TASK:
Transcribe each line of the material as it is, and drop any picture.

DATA SUPPLIED:
- Opening Delimiter -
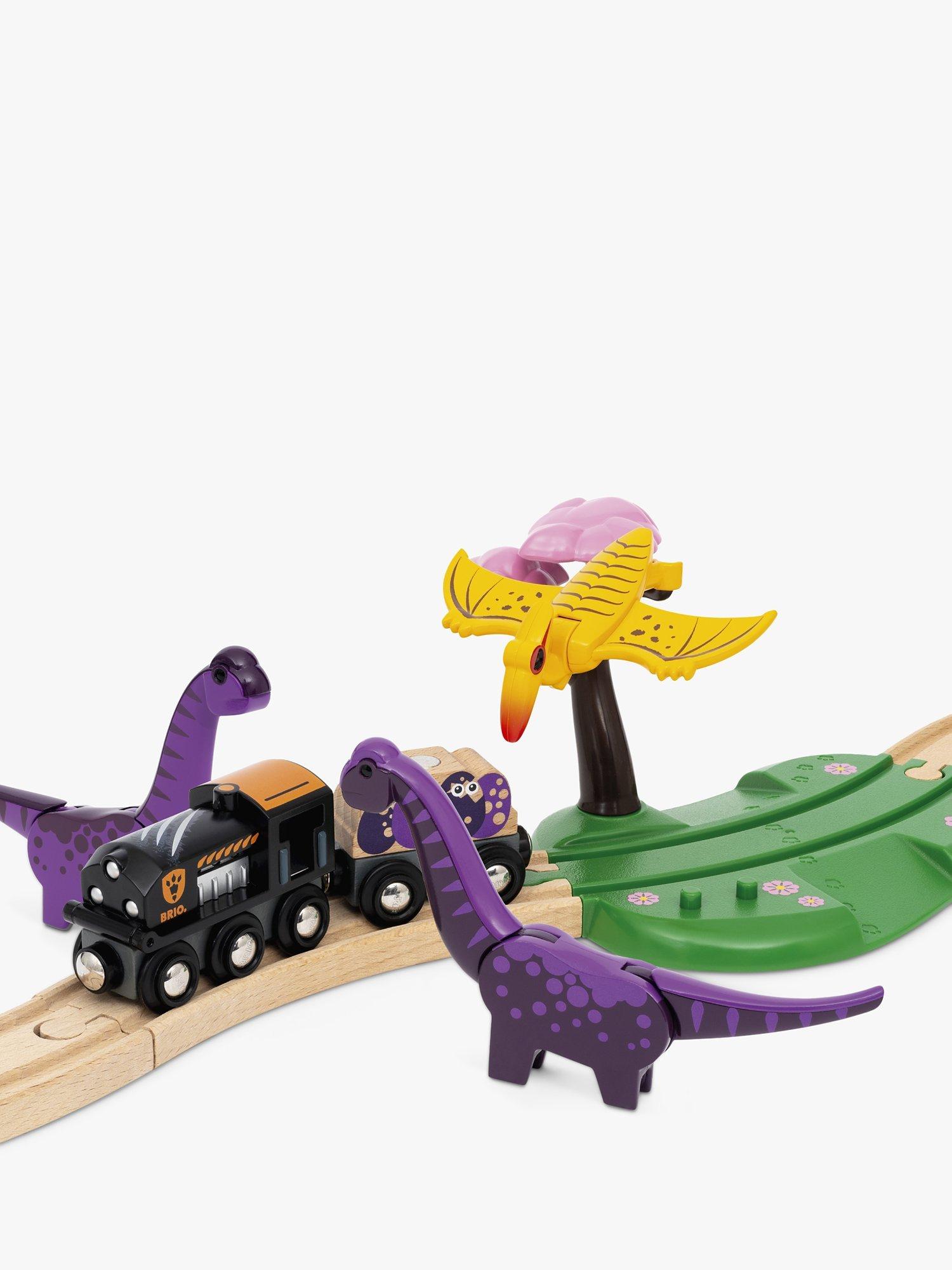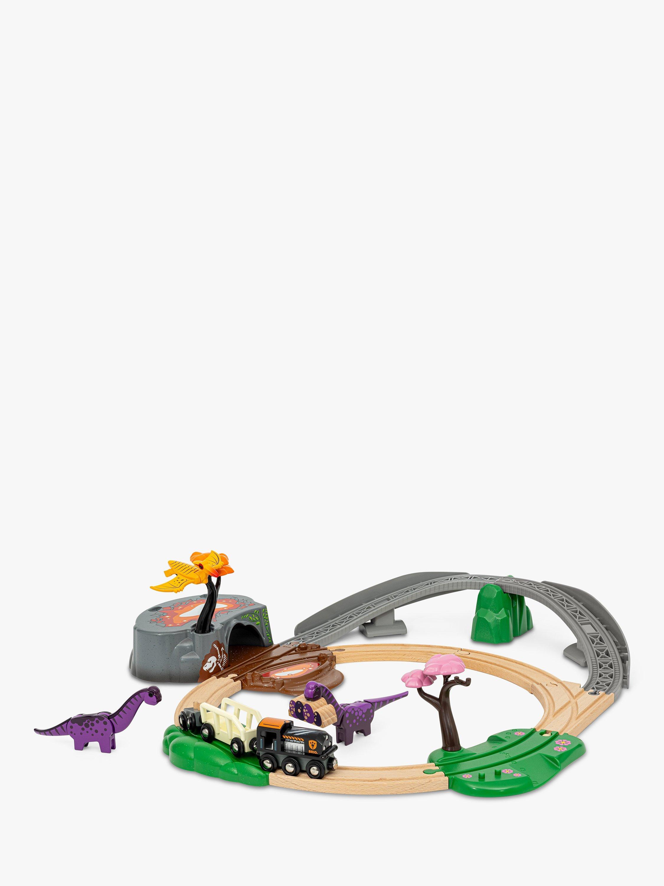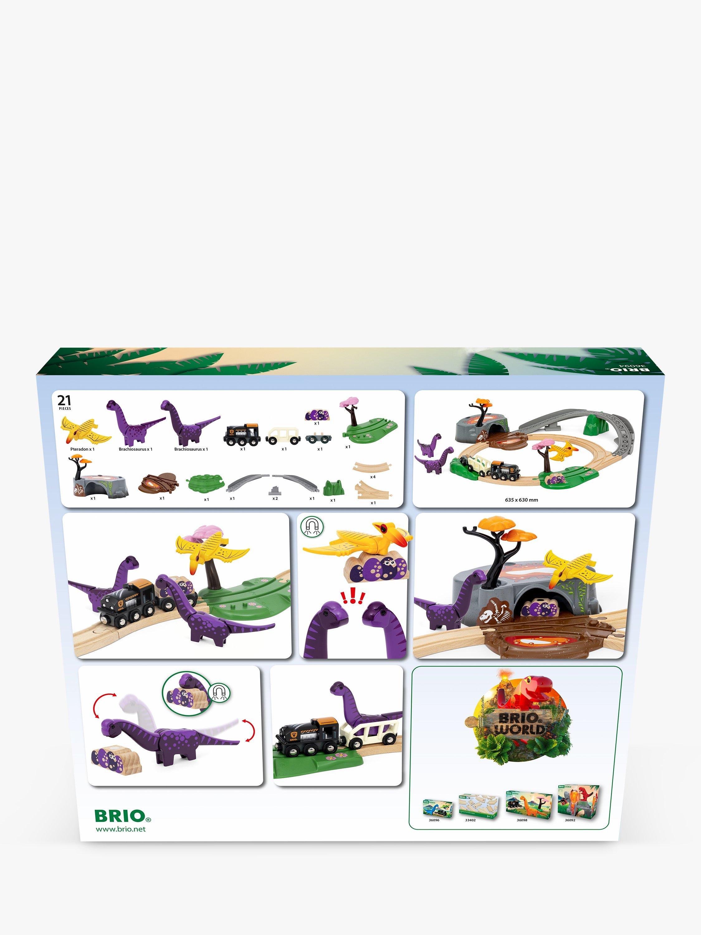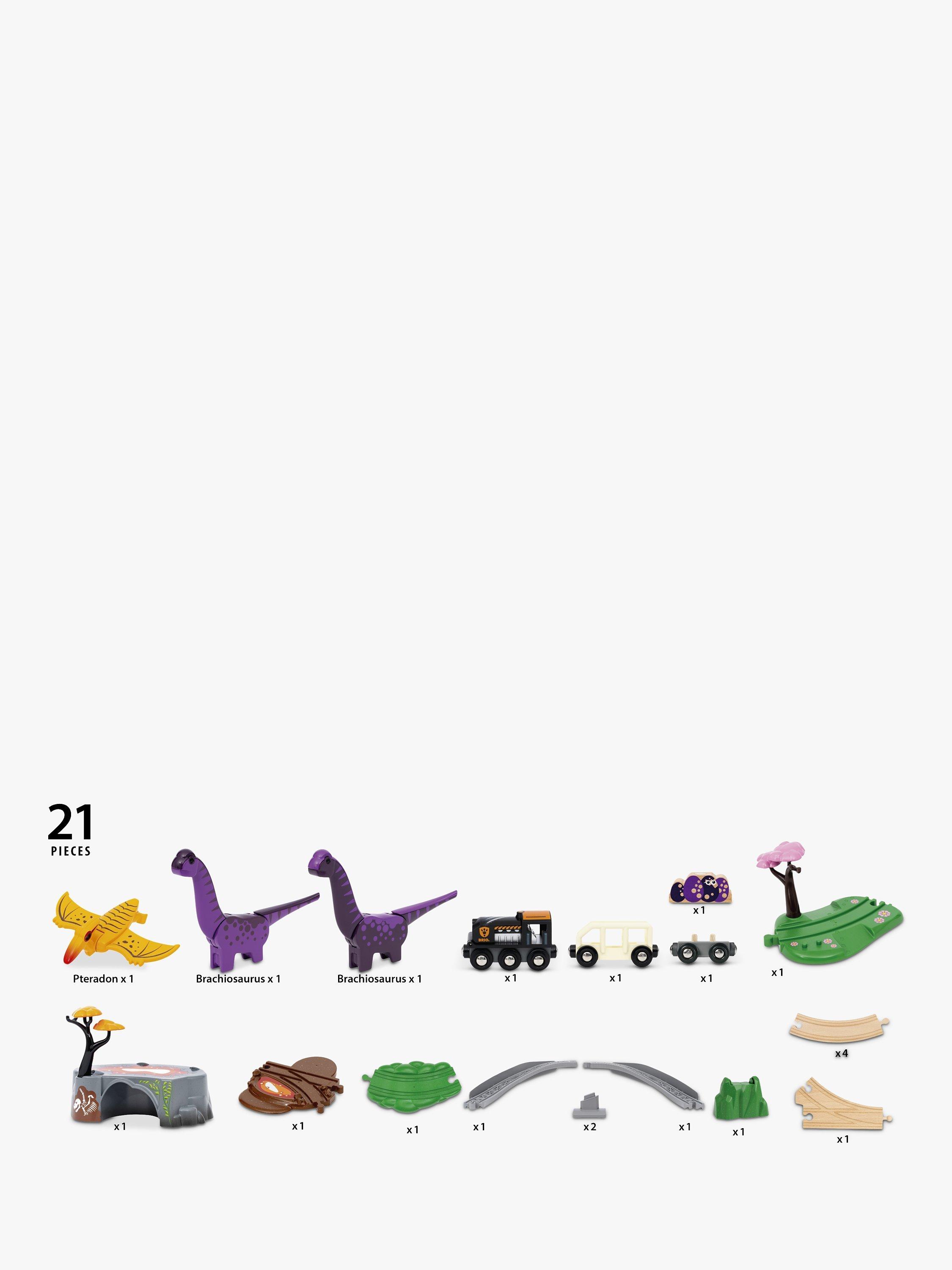 This 21-piece playset includes: a train with two wagons, multiple scenic pieces and three playful dinosaurs, designed with unique moving parts and BRIO magnets so they can interact with the world around them.
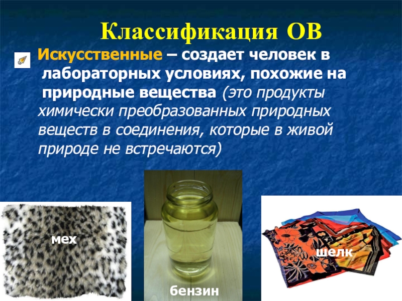 Существуют органические вещества, которых нет в природе (пластмассы, синтетические каучуки и волокна, лаки, краски, лекарства и т.д.)
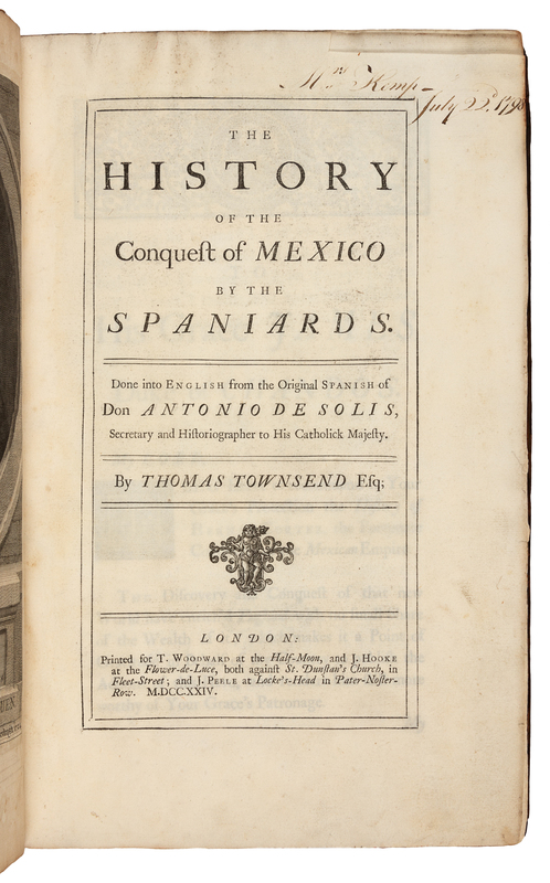 SOLIS Y RIBADENEYRA, Antonio de (1610-1686). The History of the Conquest of Mexico.... London: for T. Woodward, J. Hooke and J. Peele, 1724.
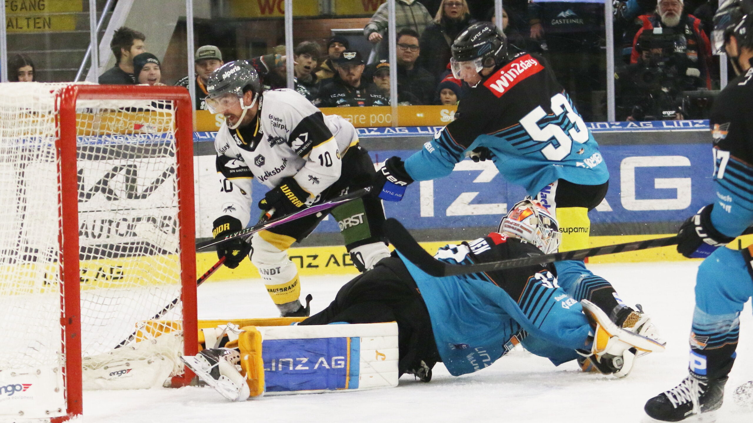 6T4A1253 6. Dezember 2025 2560 × 1440 Linz gewinnt erneut das Heimspiel gegen Bruneck Cole Bardreau #10, Paul Eder #53, Rasmus Tirronen #32, ICEHL Round 28 Black Wings Linz – HC Pustertal, Linz AG Eisarena, © Puckfans.at / Andreas Robanser
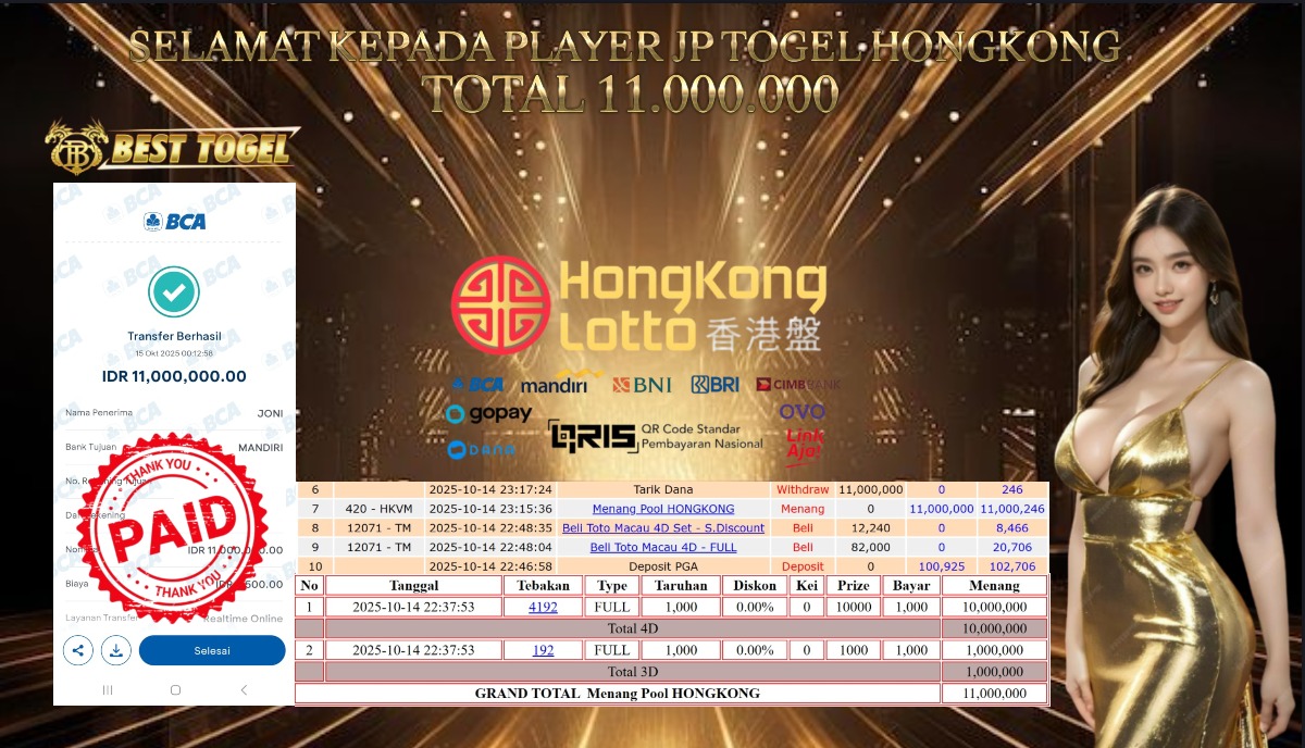 epada User id : SEM****** Telah berhasil mendapatkan kemenangan besar pada permainan TOGEL HONGKONG LOTTO dengan total kemenangan Sebesar Rp. 11.000.000,- Setelah mengisi formulir withdraw dengan kurung waktu hanya 5 – 10 menit pihak BESTTOGEL sudah melakukan transfer kepada pemilik Userid dan dana sudah dapat di cairkan oleh pemenang. Bukti pembayaran yang kami berikan merupakan bukti pembayaran yang SAH / VALID yang langung di dapatkan melaui tanda transfer transaksi dari Bank yang di tuju.
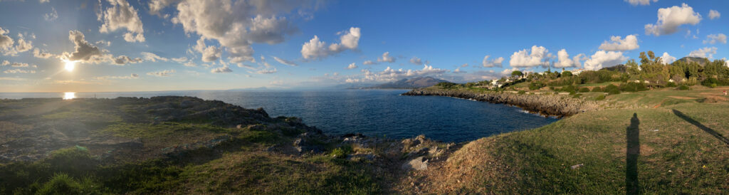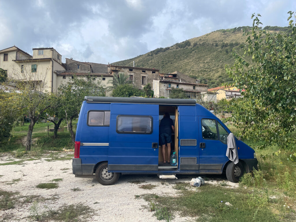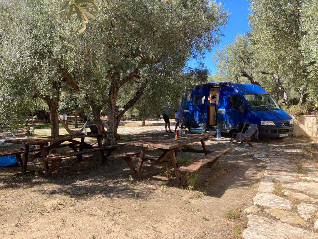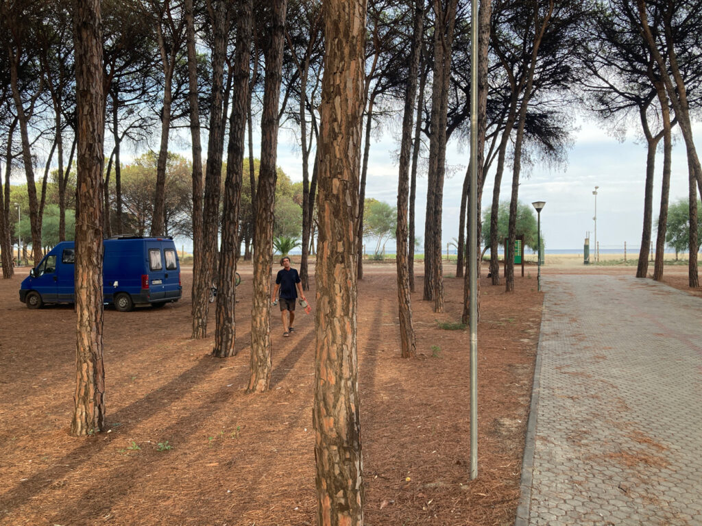 An die (Küste) stellen wir uns danach für ein paar Tage. Und zwar in Kalabrien in Salicetti. Campingplatz im Off-Modus. Saison vorbei, Aufräumarbeiten und nur ein paar Profiurlauber (Rentner), mit denen wir uns die riesige Anlage aus den 70ern teilen. Während der Saison muss das ein regelrechtes Stadtfeeling haben mit Ferienhäuschen, Campern, Minimarkt, Restaurant, Bühne usw. Aber jetzt stehen wir solo unter Pinien, kaufen frischen Fisch vom Strand weg und spannen sogar die Hängematte auf!
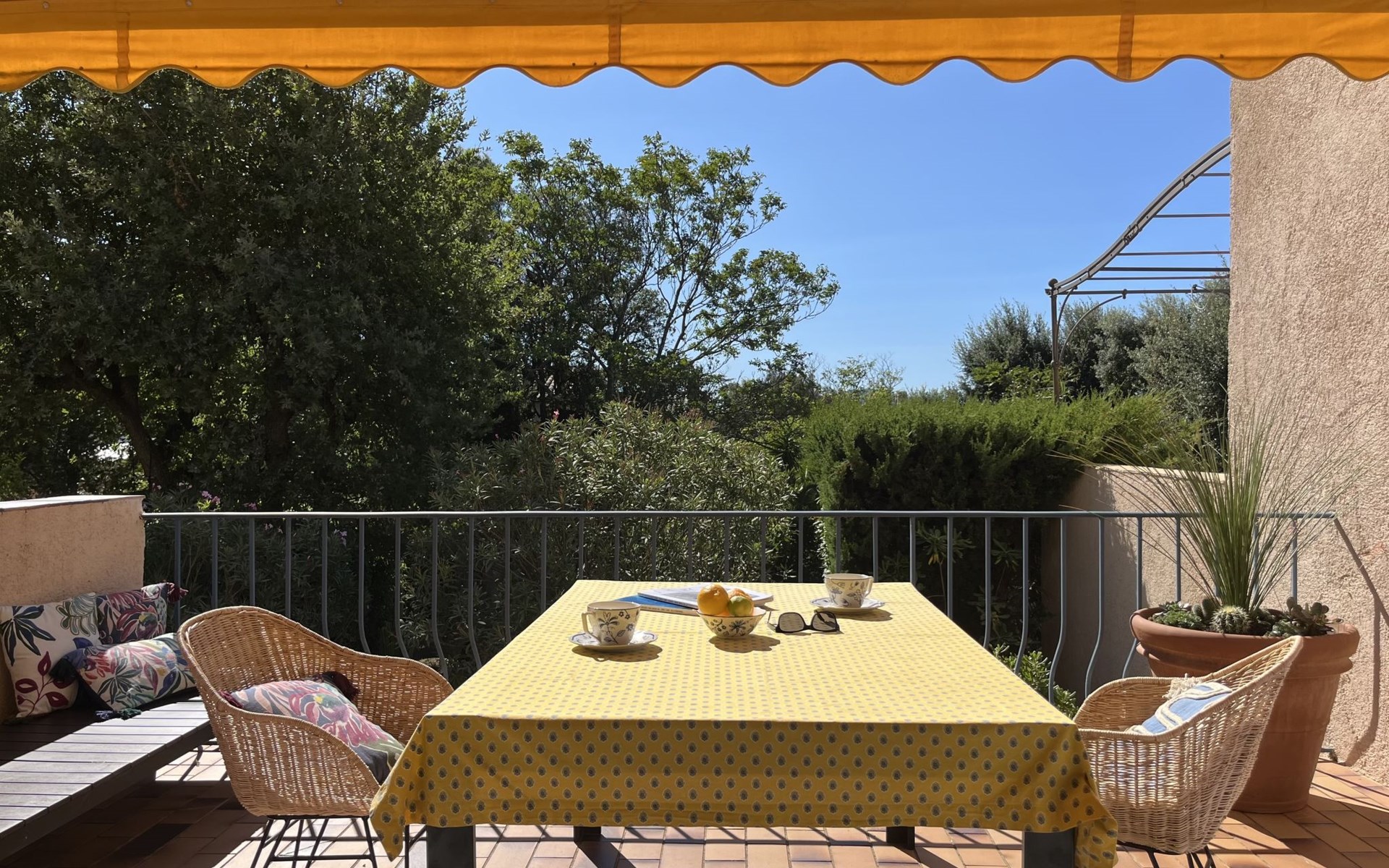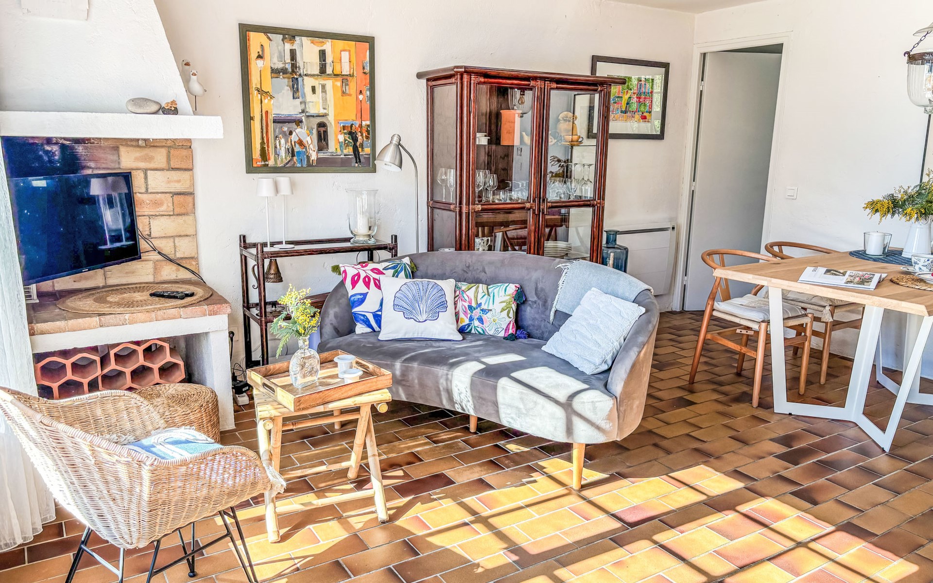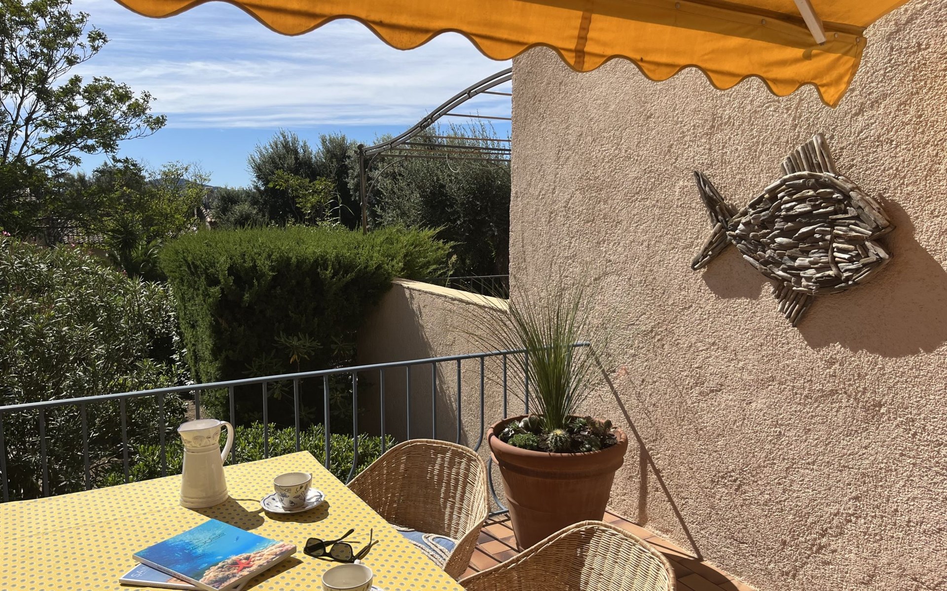 Reihenhaus "La Maison bleue". 6 km vom Zentrum von Grimaud, 1.5 km vom Zentrum von Port Grimaud, 10 km vom Zentrum von Saint Tropez, in einem Wohnquartier, 1 km vom Meer. Zur Alleinbenutzung: gepflegter Garten 240 m2 mit Pflanzen. Aussendusche. Treppenweg (8 Stufen) bis zum Haus. Öffentliche Parkplätze auf der Strasse. Einkaufsgeschäft 200 m, Bushaltestelle 1.2 km, Sandstrand 1 km.
- Closing Delimiter -
RESPONSE:
 This 21-piece playset includes: a train with two wagons, multiple scenic pieces and three playful dinosaurs, designed with unique moving parts and BRIO magnets so they can interact with the world around them.
 Существуют органические вещества, которых нет в природе (пластмассы, синтетические каучуки и волокна, лаки, краски, лекарства и т.д.)
 SOLIS Y RIBADENEYRA, Antonio de (1610-1686). The History of the Conquest of Mexico.... London: for T. Woodward, J. Hooke and J. Peele, 1724.
 6T4A1253 6. Dezember 2025 2560 × 1440 Linz gewinnt erneut das Heimspiel gegen Bruneck Cole Bardreau #10, Paul Eder #53, Rasmus Tirronen #32, ICEHL Round 28 Black Wings Linz – HC Pustertal, Linz AG Eisarena, © Puckfans.at / Andreas Robanser
 epada User id : SEM****** Telah berhasil mendapatkan kemenangan besar pada permainan TOGEL HONGKONG LOTTO dengan total kemenangan Sebesar Rp. 11.000.000,- Setelah mengisi formulir withdraw dengan kurung waktu hanya 5 – 10 menit pihak BESTTOGEL sudah melakukan transfer kepada pemilik Userid dan dana sudah dapat di cairkan oleh pemenang. Bukti pembayaran yang kami berikan merupakan bukti pembayaran yang SAH / VALID yang langung di dapatkan melaui tanda transfer transaksi dari Bank yang di tuju.
 An die (Küste) stellen wir uns danach für ein paar Tage. Und zwar in Kalabrien in Salicetti. Campingplatz im Off-Modus. Saison vorbei, Aufräumarbeiten und nur ein paar Profiurlauber (Rentner), mit denen wir uns die riesige Anlage aus den 70ern teilen. Während der Saison muss das ein regelrechtes Stadtfeeling haben mit Ferienhäuschen, Campern, Minimarkt, Restaurant, Bühne usw. Aber jetzt stehen wir solo unter Pinien, kaufen frischen Fisch vom Strand weg und spannen sogar die Hängematte auf!
 Reihenhaus "La Maison bleue". 6 km vom Zentrum von Grimaud, 1.5 km vom Zentrum von Port Grimaud, 10 km vom Zentrum von Saint Tropez, in einem Wohnquartier, 1 km vom Meer. Zur Alleinbenutzung: gepflegter Garten 240 m2 mit Pflanzen. Aussendusche. Treppenweg (8 Stufen) bis zum Haus. Öffentliche Parkplätze auf der Strasse. Einkaufsgeschäft 200 m, Bushaltestelle 1.2 km, Sandstrand 1 km.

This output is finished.